Türkiye'nin en iyi haber sitesi
YÜKSEL AYTUĞ

‘Seda Sayan sünnet derimi çaldı’

Bir televizyon yazarı olarak "Ekranda bunu da gördüm ya, pes. Artık bundan ötesi olamaz" diyorum ama ertesi gün sözümü yemek zorunda kalıyorum.

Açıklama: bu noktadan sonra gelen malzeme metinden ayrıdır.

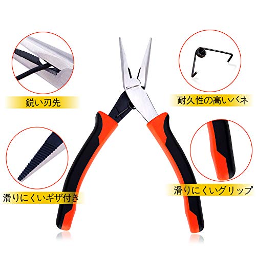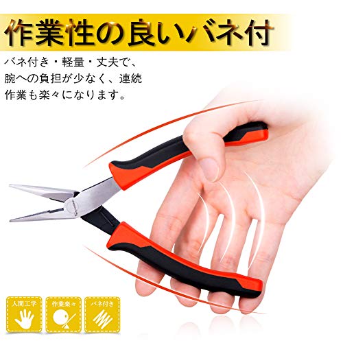 - 【用途・特徴】くわえ部は、掴んだ物が滑りにくいギザ付き、作業は楽です。丸カンやCカンを開いたり、カシメや金具の取り付けたり、細かいビーズをつまむのに適しています。軟鉄線や銅線を切る、曲げる、ねじる、挟む作業に最適です。コンパクトに持ち運びができ便利です。バネ付きなので腕への負担が少なく、連続作業しても疲れにくいです。

Bu kez de Al Sana Haber programının sunucusu Seyhan Soylu'yu ekranda "Seda Sayan, benden çaldığın sünnet derisini geri ver" diye bağırırken izledim.



Soylu'nun iddiasına göre 9 yaşında yapılan sünnet düğününe şarkı söylemek için gelen Seda Sayan, onun kesilen sünnet derisini çalmış. (Şu ileri görüşlülüğe bakar mısınız?) Seda bacım son zamanlarda giderek gençleşmesini, yüzüne enjekte ettirdiği o deriye borçluymuş. Hatta Seda Sayan o deriyi Seren Serengil ve Ajda Pekkan ile de paylaşmış. (Ne bereketli deriymiş? Sanki sünnet yapmamışlar da, dana kesmişler. Bari iki de çanta çıkarsalarmış) Sisi bir de programa hukukçu bağlayıp, tazminat davası açacağını söylemesin mi? Eh, bizim Kadırgalı Seda Bacı geri durur mu? Yapıştırdı programın ortasında mesajı: "Sizi izliyoruz. Senden aldığım deriyi üretime geçirdik. O deriyle Çağlar'ın başına saç da ektirdik..."
Vallahi bende söz bitti. "Kurban derileri Türk Hava Kurumu'na mı, vakıflara mı bağışlansın?" tartışmasından nerelere geldik. Allah, cümlemize akıl fikir ihsan eylesin...

Okurları Hıncal'ı çok özledi
Geçen hafta rahatsızlığı yüzünden uzun süre köşesinden ayrı kalan Hıncal ağabeyle ilgili ayrıntılı bir yorum kaleme almıştım. Okurlar bu yazıya büyük ilgi gösterirken, onun hakkında yapılan olumsuz yorumları da şiddetle kınadılar. İşte Yakından Kumanda aracılığıyla Hıncal ağabeye ulaştırılmaya çalışılan o mesajlardan birkaçı:
"Selam Yüksel Bey. Men Azerbaycan'dan, Bakı'dan yazıram. Hıncal Bey'e Allah'dan şefa dileyirem. Bilseniz ki, nece narahatam onun üçün. Uzun müddet heç bir yerden xabar alabilmedim ve sonda Yavuz Bey'den oxudum bir az içim rahat oldu. Tezlik ayaq üste olması üçün Allah'dan yardım istedim ve dua etdim. Size de malumat üçün teşekkür edirem." (İlkin Behbudov)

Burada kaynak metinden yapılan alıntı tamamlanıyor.